In a recent interview, CNN anchor
Anderson Cooper said that he “immediately regretted” how he came
out gay to his famous mother Gloria Vanderbilt.
Cooper and Vanderbilt's relationship is
the subject of an upcoming book, The
Rainbow Comes and Goes: A Mother and Son Talk About Life, Love and
Loss, and an HBO documentary, Nothing
Left Unsaid, which premieres on the premium cable network on
Saturday, April 9.
Cooper
told PEOPLE that he came out to himself at 11, but waited 10
years before telling his mother.
“I came out to my friends in high
school, but it wasn't until I was 21, I think, that I came out to my
mom,” he said. “And it was interesting, because we had never
discussed it after I'd come out. She accepted it and met boyfriends
I had and life continued, but we never talked about the actual moment
that I had come out to her because we both had different perceptions
and understandings of what I had said.”
Cooper, 48, said that he “immediately
regretted” how he came out to his mother, saying that including the
phrase “I think I am” led to a sense that his mother perceived
his identification as a gay man as an uncertainty.

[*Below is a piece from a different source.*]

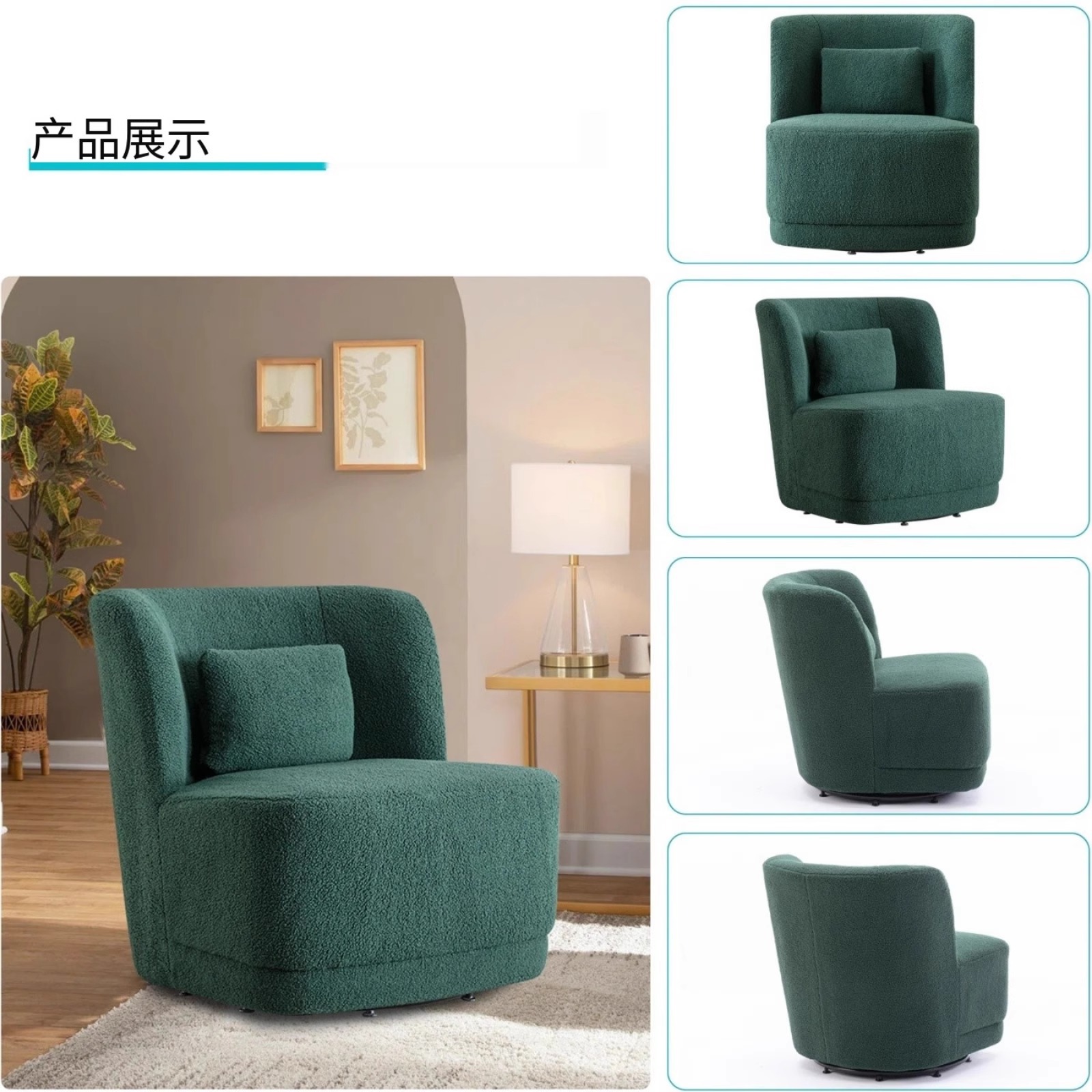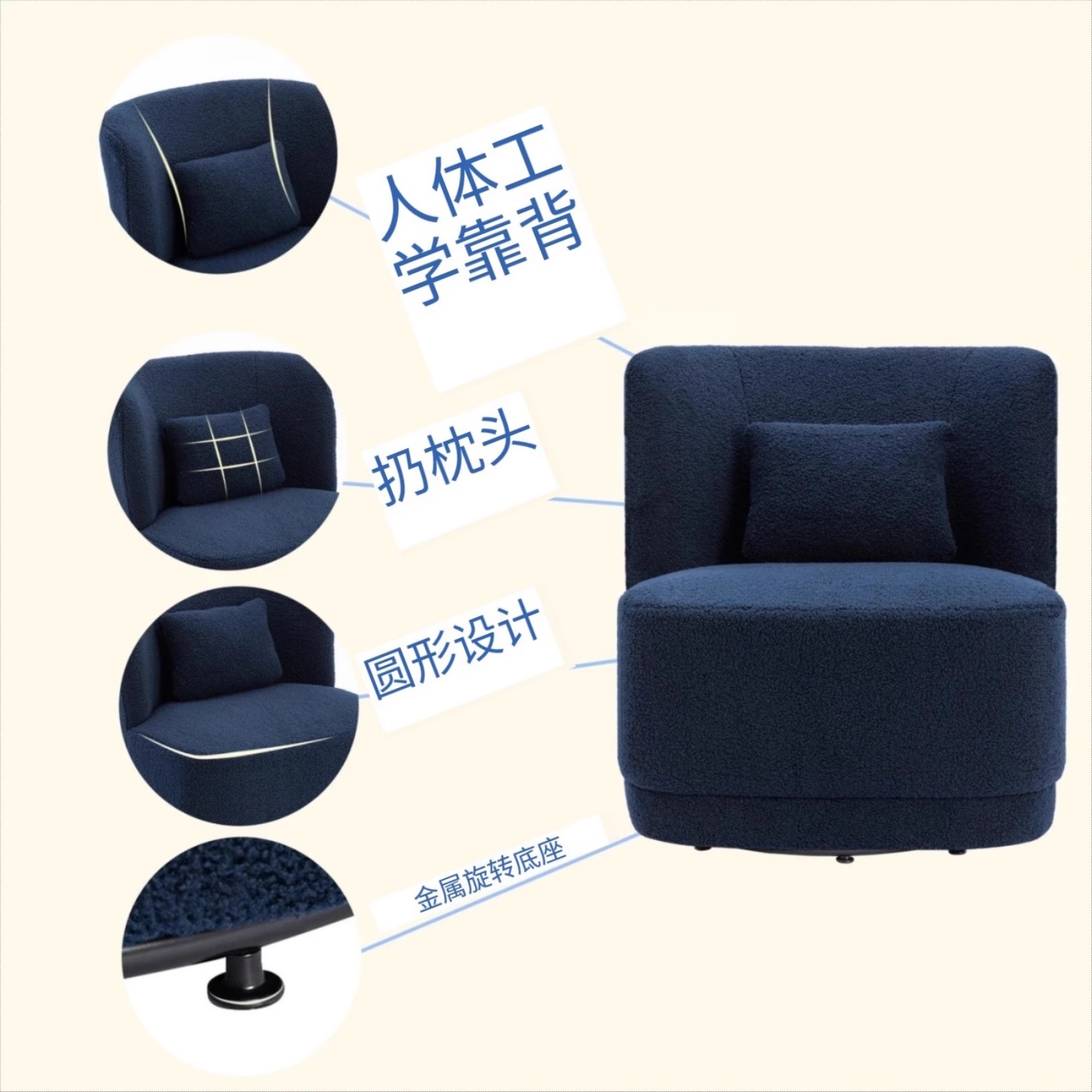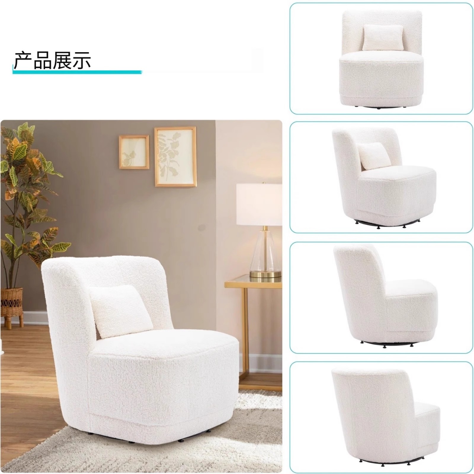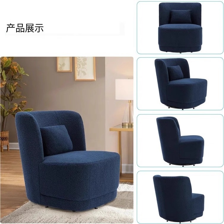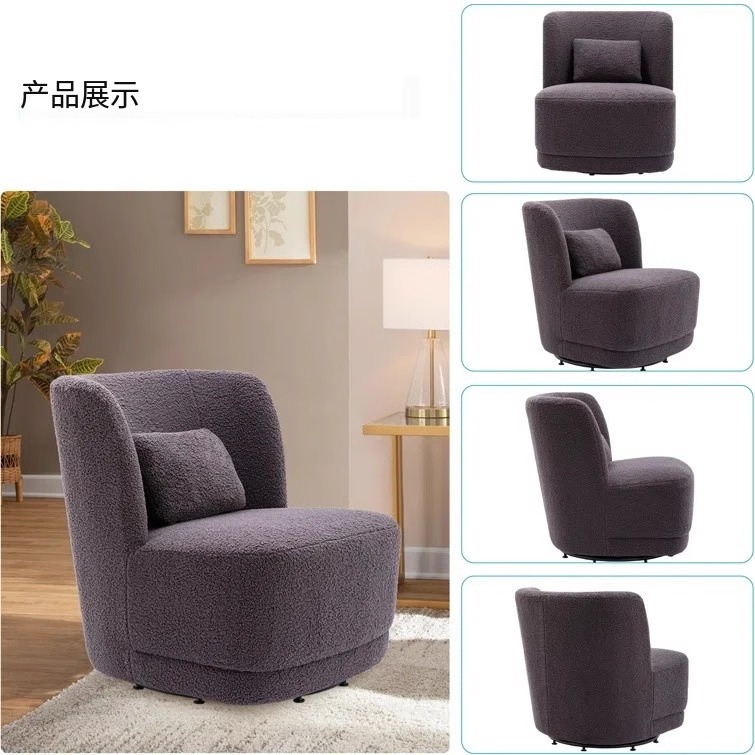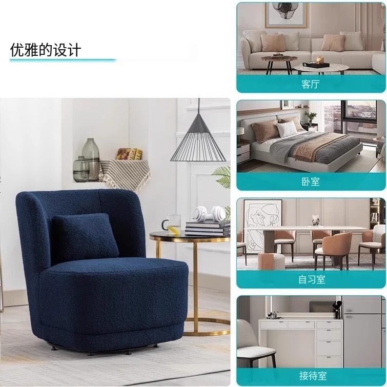 北欧轻奢羊羔绒单人沙发奶油风客厅旋转沙发酒店会所咖啡厅洽谈椅

Vanderbilt, 92, shocked her son during
the taping by revealing that she had a brief relationship with a girl
at 13.
“What?? Hello? This is news to me,”
Cooper said.
“We had this sort of lesbian
relationship and it felt so great,” she
said.
Vanderbilt's mother, Gloria Morgan
Vanderbilt, lost custody of her daughter amid accusations that she
was a lesbian. The custody battle made national headlines in 1934.
Vanderbilt told PEOPLE that her mother dated men and women.
“I thought, 'Have I inherited this?'
I worried about it for many many years until I knew I was interested
in boys and then I resolved it,” she said.